L’allattamento al seno: come, quando, dove, come, perché, che cosa. E molto altro

“Noi non veniamo dalle stelle o dai fiori, ma dal latte materno. Siamo sopravvissuti per l’umana compassione e per le cure di nostra madre. Questa è la nostra principale natura”. William Shakespeare

Il poeta inglese aveva proprio ragione: il latte materno è tutto ciò di cui un bambino ha bisogno nei primi mesi. È specie specifico cioè è perfetto per la specie umana: è di rapida digestione, nutriente ma leggero. È dolce ma con un basso contenuto di proteine.

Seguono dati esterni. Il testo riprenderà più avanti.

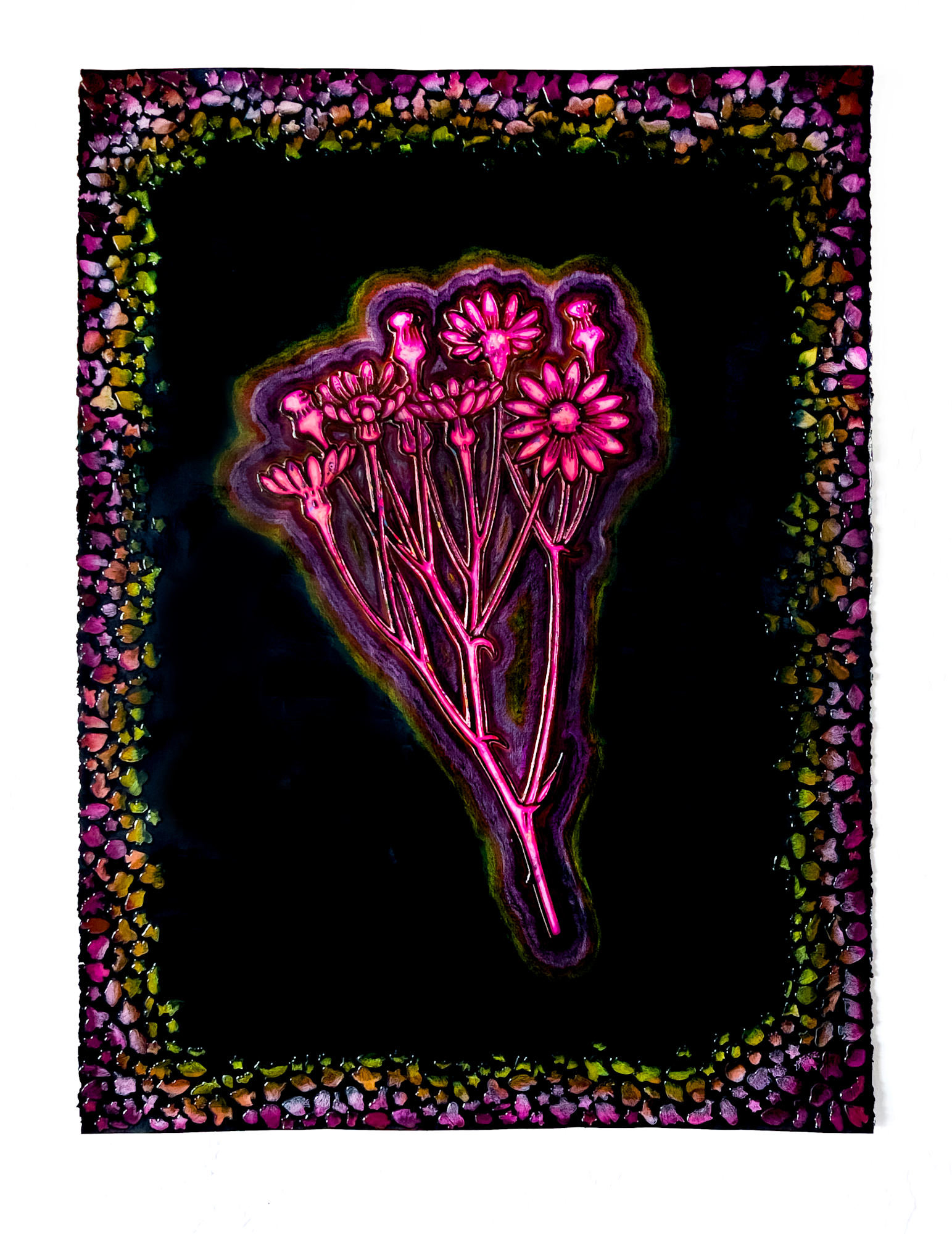 Flashe, acrylic, colored pencil, glitter vinyl, digital prints, Rives BFK paper

Ci sono due tipi di latte: il primo latte (o latte anteriore) è quello che nutre e disseta, ricco di zuccheri e che favorisce lo sviluppo neuronale. Perfetto se il neonato ha bisogno di uno spuntino veloce; il secondo latte (o latte posteriore) arriva dopo, mano a mano che il seno si svuota. È quello con un contenuto maggiore di grassi, è nutriente e sfama. Arriva quando il bambino rimane attaccato per un periodo più lungo, finché è sazio.

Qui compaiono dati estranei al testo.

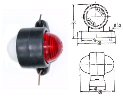 2 Befestigungslöcher, 5,3mm Durchmesser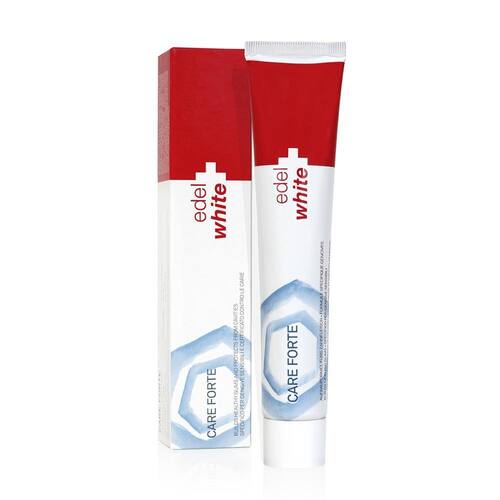 Devido à combinação de seus ingredientes ativos, o Creme dental Care Forte previne a cárie, favorece a remineralização do esmalte dentário e protege as gengivas. A associação de Fluoreto de Sódio diminui a incidência de cárie, interferindo negativamente no crescimento das principais bactérias cariogênicas, evitando o acúmulo de placa bacteriana e a desmineralização do esmalte dentário. Fortifica a gengiva devido o efeito adstringente do Lactado de Alumínio. Seu baixo fator de abrasividade evita o desgaste do esmalte e tem sido um grande coadjuvante no tratamento de sensibilidade. A ausência de Lauril Sulfato de Sódio evita o ressecamento da mucosa, mantendo a umidade da boca sendo indicado também para xerostomia. RDA de 60. Flúor de 1450 ppm.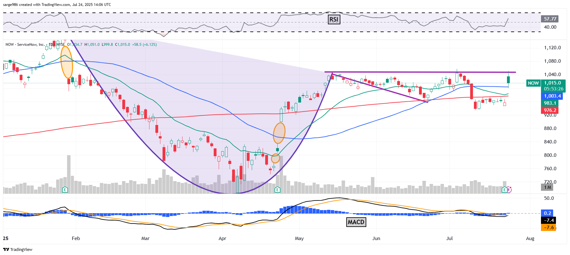 On Wednesday evening, ServiceNow NOW released the firm's second quarter financial results. I had been long the stock since the spring. It had failed to break out of a cup with handle pattern. I took my profits. Apparently, now, that was early and a tactical error.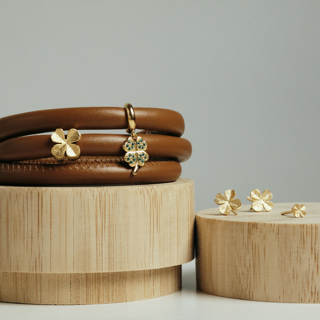 Menge für FoWatch Leaf Clover Simple Earring Stud / Single Stud - Gold Plated Sterling Silver erhöhen

Tutto comincia dal colostro.

Il colostro è il latte prodotto nei primi giorni dopo il parto e in piccole quantità per essere un super concentrato di proteine. È un liquido di colore giallino e assolutamente prezioso. Esce a gocce e questo permette al bambino di adattarsi gradualmente all’alimentazione per bocca. Il colostro è un vero e proprio concentrato di anticorpi che difenderanno il neonato dalle infezioni e stimoleranno il suo sistema immunitario. Importante sapere che ha anche un effetto lassativo.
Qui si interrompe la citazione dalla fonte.